• WORK TO BE COMPLETED: Which lines run from the one containing "杭州195路线路图,红点站为当夜停车报警的站点" to the end of the listing below? Write them out exactly, both ends included, with nothing else.

• SOURCE RECORDS:
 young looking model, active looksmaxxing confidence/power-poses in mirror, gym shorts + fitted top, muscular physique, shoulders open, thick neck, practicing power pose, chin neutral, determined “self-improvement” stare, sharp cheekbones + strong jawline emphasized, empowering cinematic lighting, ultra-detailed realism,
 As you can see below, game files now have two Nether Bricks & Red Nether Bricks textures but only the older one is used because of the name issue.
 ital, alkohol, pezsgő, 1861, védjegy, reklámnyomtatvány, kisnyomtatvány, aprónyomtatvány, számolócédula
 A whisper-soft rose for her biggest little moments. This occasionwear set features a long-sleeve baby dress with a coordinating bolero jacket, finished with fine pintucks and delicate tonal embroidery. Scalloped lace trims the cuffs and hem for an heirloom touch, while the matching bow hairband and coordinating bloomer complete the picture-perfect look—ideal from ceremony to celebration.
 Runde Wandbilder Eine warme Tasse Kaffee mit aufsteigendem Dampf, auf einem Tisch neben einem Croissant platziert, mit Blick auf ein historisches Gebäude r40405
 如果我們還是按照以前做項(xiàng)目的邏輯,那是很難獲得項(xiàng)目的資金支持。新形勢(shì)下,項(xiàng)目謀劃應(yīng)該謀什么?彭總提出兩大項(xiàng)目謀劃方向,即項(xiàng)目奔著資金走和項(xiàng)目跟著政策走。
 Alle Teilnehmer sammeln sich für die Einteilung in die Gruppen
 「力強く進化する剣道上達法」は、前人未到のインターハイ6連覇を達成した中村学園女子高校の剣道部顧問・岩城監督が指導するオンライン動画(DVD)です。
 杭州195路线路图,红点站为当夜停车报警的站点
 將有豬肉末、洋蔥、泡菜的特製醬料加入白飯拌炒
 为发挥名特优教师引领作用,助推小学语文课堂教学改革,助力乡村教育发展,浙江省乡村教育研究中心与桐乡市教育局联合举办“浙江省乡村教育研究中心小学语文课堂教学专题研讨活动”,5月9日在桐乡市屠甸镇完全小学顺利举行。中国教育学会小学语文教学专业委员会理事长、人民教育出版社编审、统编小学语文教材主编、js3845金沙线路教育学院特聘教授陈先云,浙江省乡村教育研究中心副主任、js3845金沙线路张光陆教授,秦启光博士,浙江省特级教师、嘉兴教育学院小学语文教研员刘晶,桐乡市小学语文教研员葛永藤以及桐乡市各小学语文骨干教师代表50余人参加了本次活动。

• SOLUTION TO THE EXERCISE:
 杭州195路线路图,红点站为当夜停车报警的站点
 將有豬肉末、洋蔥、泡菜的特製醬料加入白飯拌炒
 为发挥名特优教师引领作用,助推小学语文课堂教学改革,助力乡村教育发展,浙江省乡村教育研究中心与桐乡市教育局联合举办“浙江省乡村教育研究中心小学语文课堂教学专题研讨活动”,5月9日在桐乡市屠甸镇完全小学顺利举行。中国教育学会小学语文教学专业委员会理事长、人民教育出版社编审、统编小学语文教材主编、js3845金沙线路教育学院特聘教授陈先云,浙江省乡村教育研究中心副主任、js3845金沙线路张光陆教授,秦启光博士,浙江省特级教师、嘉兴教育学院小学语文教研员刘晶,桐乡市小学语文教研员葛永藤以及桐乡市各小学语文骨干教师代表50余人参加了本次活动。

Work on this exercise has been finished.